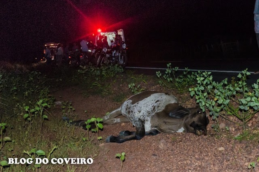 O pedreiro Pedro Antônio de Sousa, 57 anos, foi socorrido em estado grave após colidir a moto que conduzia contra dois bezerros. O acidente aconteceu na noite desta quinta-feira (2), por volta das 18h30, na rodovia PI-301, próximo a entrada que dá acesso ao Assentamento Vidéu, zona rural de Cocal, Norte do Piauí.
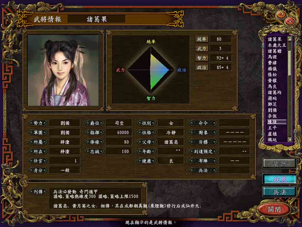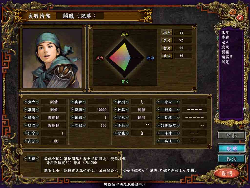 加魏猛和黄叙主要是考虑到魏家军和黄家军实在是人丁单薄, 而关凤是因为她是魔兽同名地图<守卫剑阁>里面第一女汉子, 而在san9居然完全没登场太说不过去. 诸葛果是小字辈中唯一一个会奇门遁甲的, 没办法,人家是半仙阿. (本来还想加严颜的儿子严寿, 祝融孟获的女儿花蔓, 但考虑到刘家军再加人就bug了, 就先算了)
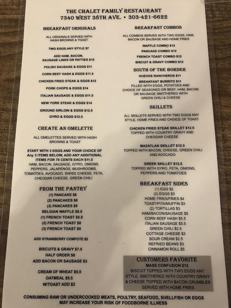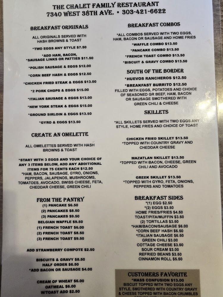 Welcome to Chalet, your cozy family-friendly restaurant in Wheat Ridge, CO, where deliciousness meets comfort! Nestled at 7340 W 38th Ave, we specialize in serving hearty breakfasts, delightful lunches, and satisfying dinners at affordable prices, ranging from $10 to $20. Our menu features excellent coffee, simple and traditional dishes, and shareable small plates. Enjoy a relaxed atmosphere perfect for groups or solo dining. With accessible seating and amenities, we cater to all, including children. Whether you're in for a quick takeout or a sit-down meal, Chalet is your perfect spot to savor great food in a warm environment. We accept reservations and various payment methods for your convenience.
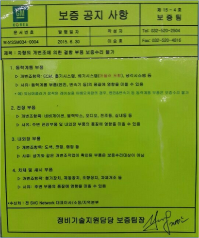한국GM 정비 사업소 관계자는 “보증 항목에 포함되는 배터리나 전자제어장치는 블랙박스 전원장치와 충돌이 불가피하다”면서 “정비기술지원담당 보증팀에서 보증수리 거절 항목을 지정해 뒀다”고 말했다.
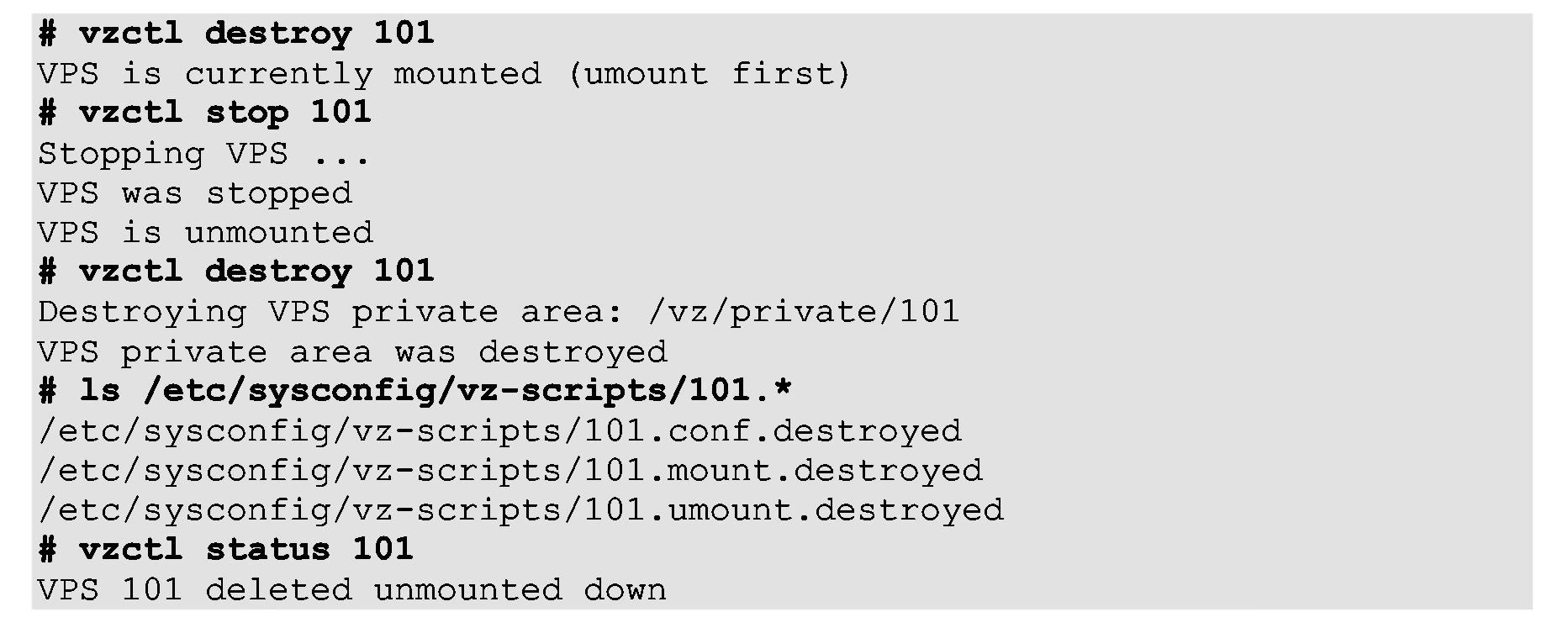 Итоговая типовая конфигурация будет создана в директории /etc/sysconfig/vz-scripts. Файл будет носит название ve-sample_name.conf-sample. Теперь Вы можете использовать sample_name как аргумент к опции - config команды vzctl create. Если образец с таким названием уже существует, утилита пошлет Вам сообщение об ошибке, она не будет заменять существующую конфигурацию.
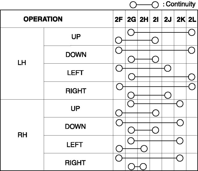 5. Using a tester, verify that the continuity between the power outer mirror switch terminals is as indicated in the table.
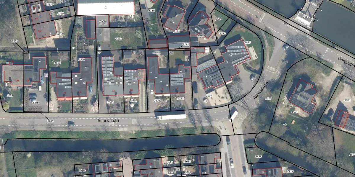 Het perceel waarop Acacialaan 6 staat heeft een oppervlakte van 418 m². Dit is een groot perceel. De perceeloppervlakte wordt geregistreerd door het Kadaster. Gedetailleerde informatie over de maten van dit perceel kunt u vinden in het rapport Kadastrale kaart met maatvoering van Acacialaan 6.
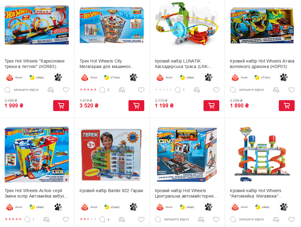 - сюжетно-рольові ігрові набори – в 2,5 раза;
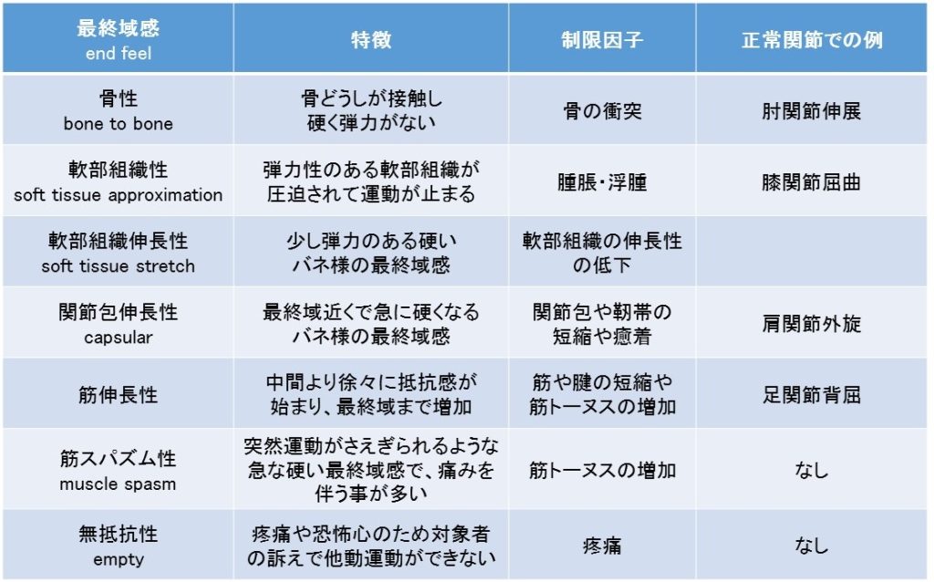 エンドフィールには正常の関節運動で感じられるもの、正常の関節では感じられない異常なものと様々あります。参考までに以下をご覧ください。
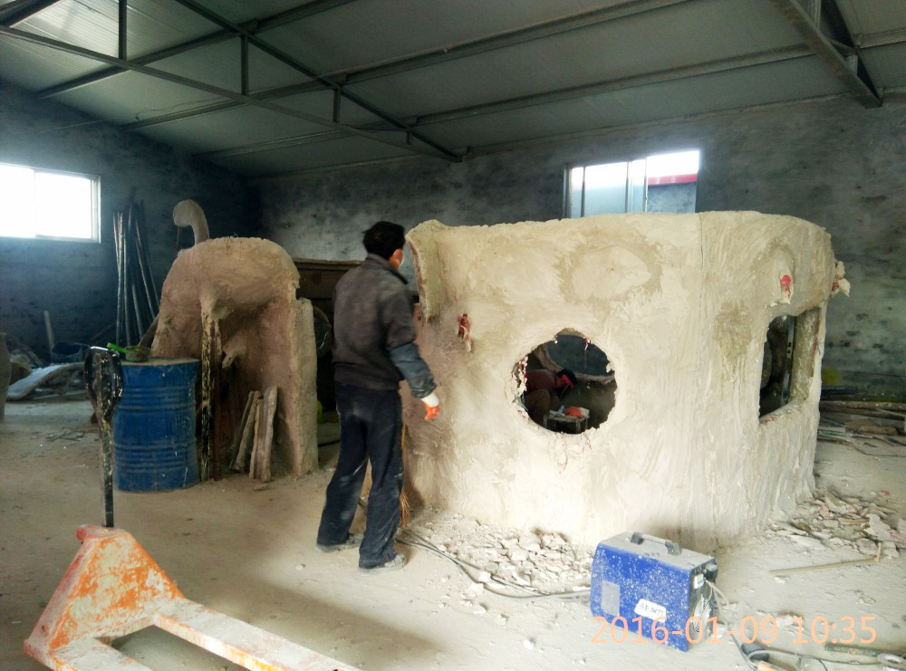大型玻璃鋼游樂船雕塑竣工。2016年1月15-1月19日安裝于山東省濱州市黃河五路渤海十路銀座商城黃河店四樓。
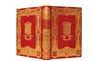 rose soutenu (signée de Lenègre, plaque de Liebherre) ornée des armes de Reims encadrées d'un riche décor doré aux 2 plats - Dos lisse orné à l'identique et titré et tomé or (infimes frottements) - Roulette dorée à l'intérieur des plats - Gardes blanches moirées (légèrement salies) - Tranches dorées - Bel exemplaire sur carré vergé (tirage total à 375 exemplaires). Le Lion” maroquin
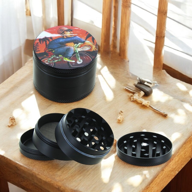 Le Grinder Beuz Bike est un broyeur en aluminium anodisé de la marque bretonne Beuz, avec motif BMX gravé. 4 parties : couvercle aimanté avec grip anti-dérapant, chambre de broyage, tamis filtrant et récupérateur de pollen (kief). 24 dents en acier disposées en losange pour un broyage précis. Livré avec une spatule.
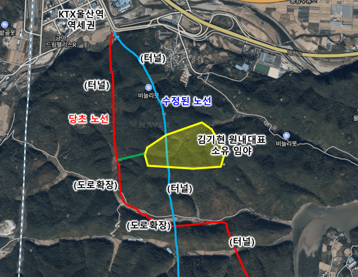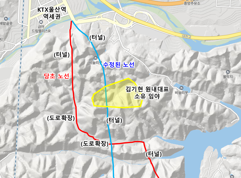 오히려 김기현 의원 자신의 임야를 맹지에서 택지로 바꾸고 싶었다면 당초 노선을 그대로 두고 연결도로를 추가하는 것이 더 나았을 거라는 생각을 해봅니다.
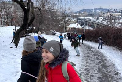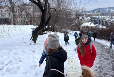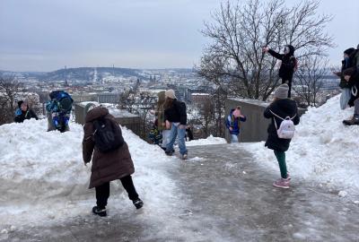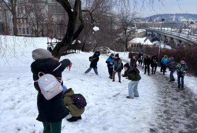 Protože cestou nahoru leželo v okolí ještě mnoho zbylého sněhu, strhla se mezi dětmi také bitva. Naštěstí jen sněhová a v přátelském duchu! Kluci a holky si ji ale opravdu užili!
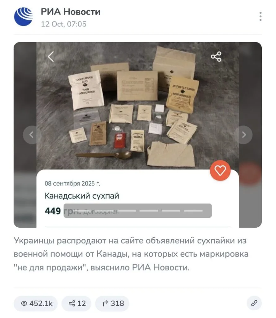 In mid-October 2025, reports appeared in Russian media that Ukrainians were allegedly illegally resell army individual food kits sent to the Ukrainian army from Canada. We have verified the accuracy of this information.
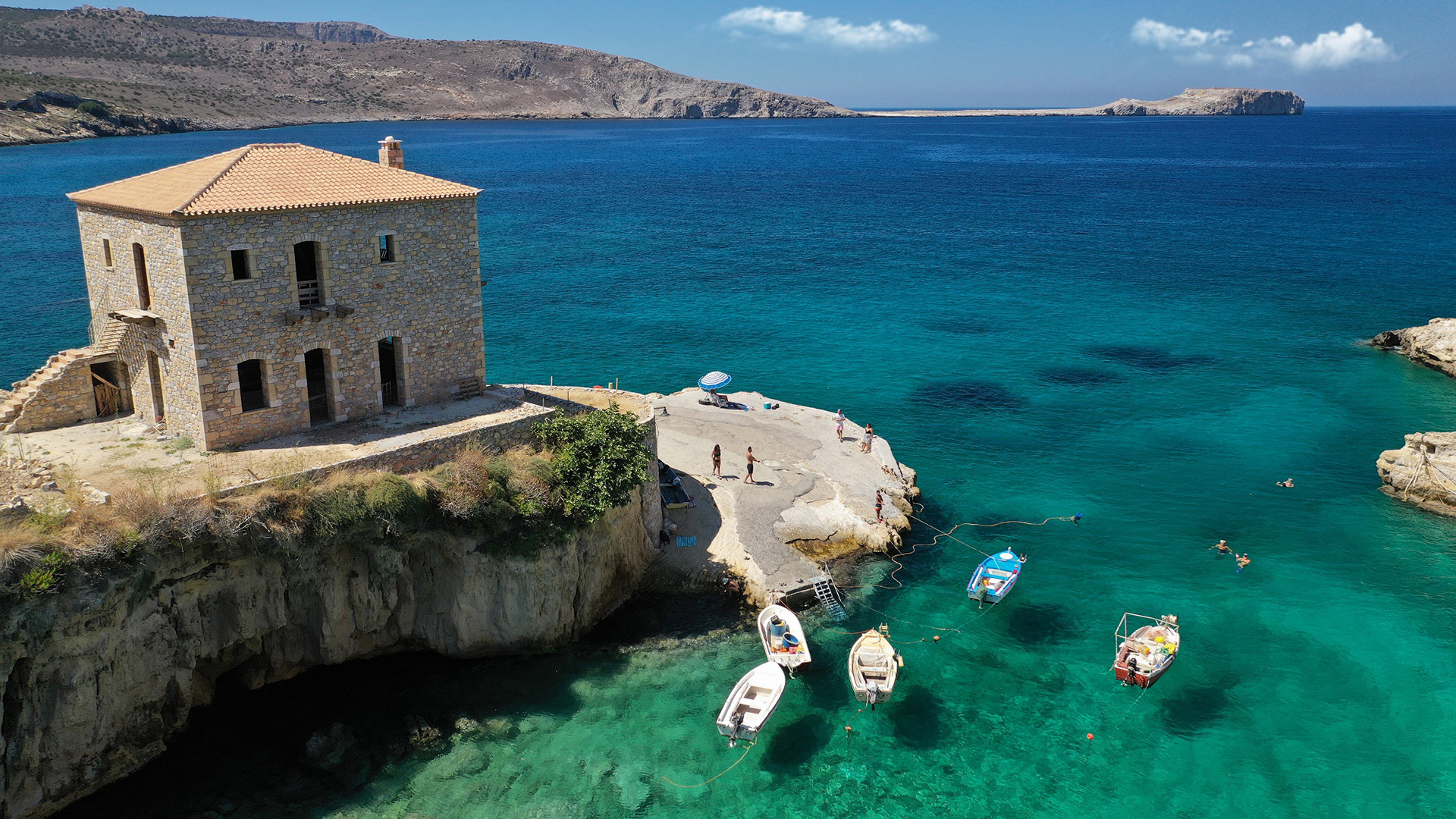 Sea breeze oasis retreat is located in Mezapos, a small coastal village in the prefecture of Laconia. Untouched by time, it is a little fishing port with a remarkable beach between two tall boulders that crushed and sculpted the beach. It boasts stunning panoramic views of the Tigani Bay, which is a popular challenge for hikers who may reach the 13th-century Frankish castle remains at the tip of Tigani after a 45-minute walk. Perfectly situated in an idyllic location, it is an ideal place to watch the magical sunset over the sea or witness the serene beauty of a new day dawning.
-*-*-
ACTION ITEM - Only the lines from the one containing "In mid-October 2025, reports" through the last line of the material should be returned, exactly and without pictures.

YOUR RESPONSE -
 In mid-October 2025, reports appeared in Russian media that Ukrainians were allegedly illegally resell army individual food kits sent to the Ukrainian army from Canada. We have verified the accuracy of this information.
 Sea breeze oasis retreat is located in Mezapos, a small coastal village in the prefecture of Laconia. Untouched by time, it is a little fishing port with a remarkable beach between two tall boulders that crushed and sculpted the beach. It boasts stunning panoramic views of the Tigani Bay, which is a popular challenge for hikers who may reach the 13th-century Frankish castle remains at the tip of Tigani after a 45-minute walk. Perfectly situated in an idyllic location, it is an ideal place to watch the magical sunset over the sea or witness the serene beauty of a new day dawning.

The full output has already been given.